Today has been a bad day for the indyref debate, with weak arguments from governments in Edinburgh and London, and a shared frame that could have been designed between them to drive down turnout. The offences aren’t the same, mind: from the SNP side we have speculative handwaving designed to appeal to pure selfishness, while on the Coalition side we see downright dishonesty and misrepresentation.

To start with the latter, the UK Government put out information about the “cost of independence”, based on research from the LSE’s Professor Patrick Dunleavy. The data in it was then utterly destroyed by one Professor Patrick Dunleavy, as initially reported in the Financial Times and now belatedly elsewhere. The doomed Danny Alexander claimed the costs would be £2.7bn, then rowed back to £1.5bn, about seven and a half times the upper end of the Professor’s estimates, and ten times the lower end.

Here’s a bit more from the Lib Dems on what the Chief Secretary to the Treasury had to say.

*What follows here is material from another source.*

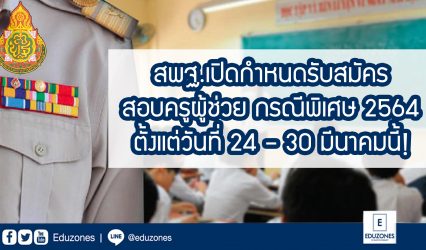 ครู-อาจารย์ สพฐ.เปิดกำหนดรับสมัครสอบครูผู้ช่วย กรณีพิเศษ 2564 ตั้งแต่วันที่ 24 – 30 มีนาคมนี้ EZ Webmaster February 9, 2021 เมื่อวันที่ 9 กุมภาพันธ์ 2564 ที่ผ่านมา ทางสำนักงานคณะกรรมการการศึกษาขั้นพื้นฐาน (สพฐ.) ส่งหนังสือถึงศึกษาธิการจังหวัดทุกจังหวัด เรื่องกําหนดการคัดเลือกบุคคลเพื่อบรรจุและแต่งตั้งเข้ารับราชการ เป็นข้าราชการครูและบุคลากรทางการศึกษา ตําแหน่งครูผู้ช่วย กรณีที่มีความจําเป็นหรือมีเหตุพิเศษ สังกัดสํานักงานคณะกรรมการการศึกษาขั้นพื้นฐาน ปี พ.ศ. 2564…

In his speech, Danny pointed out five factors that would affect Scotland’s finances if it were to become independent:

1. New institutions would have to be set up in Scotland, costing the country millions of pounds.
2. Scotland would have to pay higher interest rates to borrow, resulting in around £500 million per year in additional debt interest costs.
3. The Scottish government’s new policies would cost at least £1.6 billion every year.
4. Revenues from oil and gas production would fall by around 95% over the next 20 years due to the decline in North Sea oil production.
5. The shrinking number of working age people would have to pay for Scotland’s growing number of old age pensioners.

Danny mentioned that all of these factors would be worth £1400 per person in Scotland each year for the next 20 years, something that would be easily avoided by staying in the UK.

Let’s look at those all in a little detail.

1. Clearly true, although “millions” is a bit of a further row-back from the billions they were initially claiming. £150m-£200m isn’t a lot of setup costs, to use the Professor’s figures: it’s about an eighth of the money Scottish Ministers are already squandering on a single unnecessary road bridge. No biggie.
2. Unknown and unknowable prior to independence. Just don’t.
3. Depends on what kind of Scottish Government we elect in 2016, and if the Lib Dems still exist then they’ll be free to propose a low-tax war-on-the-poor style system for Scotland akin to the one they’ve helped the Tories deliver in reserved areas. So therefore unknowable.
4. Utter unmitigated bullshit: yes, oil and gas revenues will drop sharply from around 2016, they are already well below the 1999 peak (see graph below), and cannot in any case be a sustainable basis for a future Scottish economy. But aside from the last of those, the issue here is geology, and staying in the Union can’t undo the fact that oil is finite and we’ve already extracted most of it from the North Sea.
5. Again, it depends. Will an independent Scotland stick to the kind of anti-immigrant policies the Tories and Lib Dems are delivering, or will the more positive position shared by the SNP and the Greens win out? Can’t have this both ways, Danny.

The offences on the other side are less glaring, and not blatantly dishonest, but still, in the interests of fairness, they have to be pointed out. Here’s the argument. It relies on speculative better productivity gains in Scotland than in the rest of the UK (the equivalent of the empty politicians’ call for “efficiency savings”), speculative better employment rates than the rest of the UK, and speculative Scottish population increases.

All of these are the same sort of unsubstantiated arguments as Danny’s final point above (much as I hope an independent Scotland will welcome more immigration), and it’s also tactically poor. Confusing independence with some sketchy estimates of outcomes from vague policies won’t persuade people to vote Yes. Independence is about the people of Scotland making our own decisions, not it being set in stone now, even if it could be.

Incidentally, on page 18 of the full document, the Scottish Government uses 2016-17 as the reference year for oil receipts. As per industry research from May 2013, that’s around the post-1999 peak. Their figures on page 26 are, shall we say, bullish.

oil-chartAnyway, the document is full of dubious hypotheticals, and reads like an expert group of civil servants weighing something they can’t see while keeping a thumb firmly on the scales. Sometimes it goes beyond that. Imagine using the word “will” here rather than the word “would”: “Higher productivity growth will boost public sector revenues as increased economic output leads to higher tax receipts” (p36).

Furthermore, people aren’t stupid, or most of them aren’t. They know that chat about whether we’ll be better or worse off, by either side, especially when associated with exciting round numbers, is mere empty speculation. It’s also not what motivates people, from what I understand of the focus groups that have been conducted. Even assuming people want to sound more progressive when being polled, fairness is much more persuasive. Oh, and so too is “decisions will be made in Scotland, by voters in Scotland”: much more attractive than “here’s how it’s all going to be, sod the electorate”.

Conjecture from Yes, downright lies from No: the Scottish public deserves better than this.